EXTRACTED RECORDS —
──────────

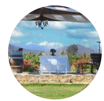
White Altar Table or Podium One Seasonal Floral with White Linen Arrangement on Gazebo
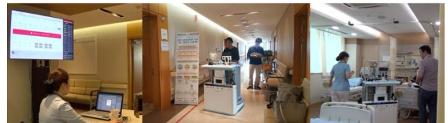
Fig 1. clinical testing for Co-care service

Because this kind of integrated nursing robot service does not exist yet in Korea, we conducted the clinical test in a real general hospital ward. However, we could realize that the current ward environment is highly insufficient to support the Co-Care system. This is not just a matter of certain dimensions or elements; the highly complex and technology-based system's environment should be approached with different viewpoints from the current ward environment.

──────────

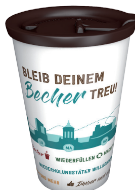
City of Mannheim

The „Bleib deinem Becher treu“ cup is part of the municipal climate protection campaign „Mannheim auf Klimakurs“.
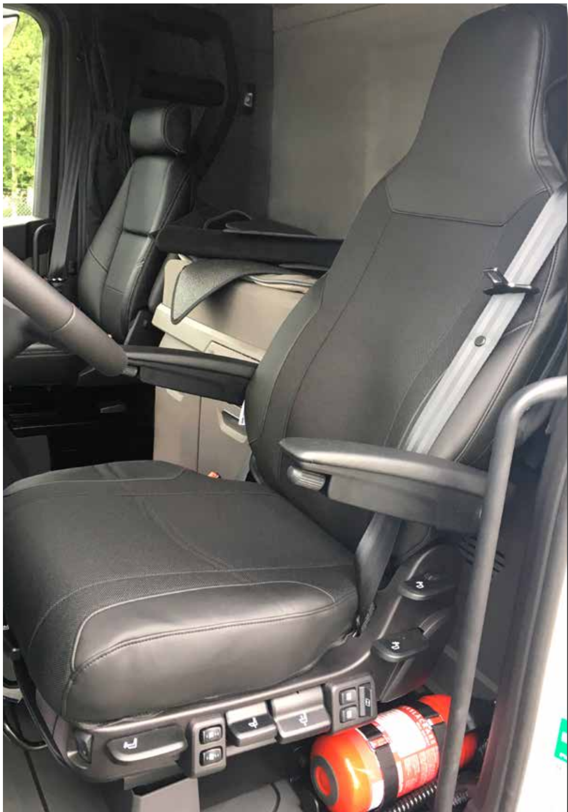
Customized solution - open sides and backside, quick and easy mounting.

──────────

WHAT YOU HAVE TO DO — Please return every line of the material above that includes "Mannheim".

EXERCISE RESPONSE —
City of Mannheim
The „Bleib deinem Becher treu“ cup is part of the municipal climate protection campaign „Mannheim auf Klimakurs“.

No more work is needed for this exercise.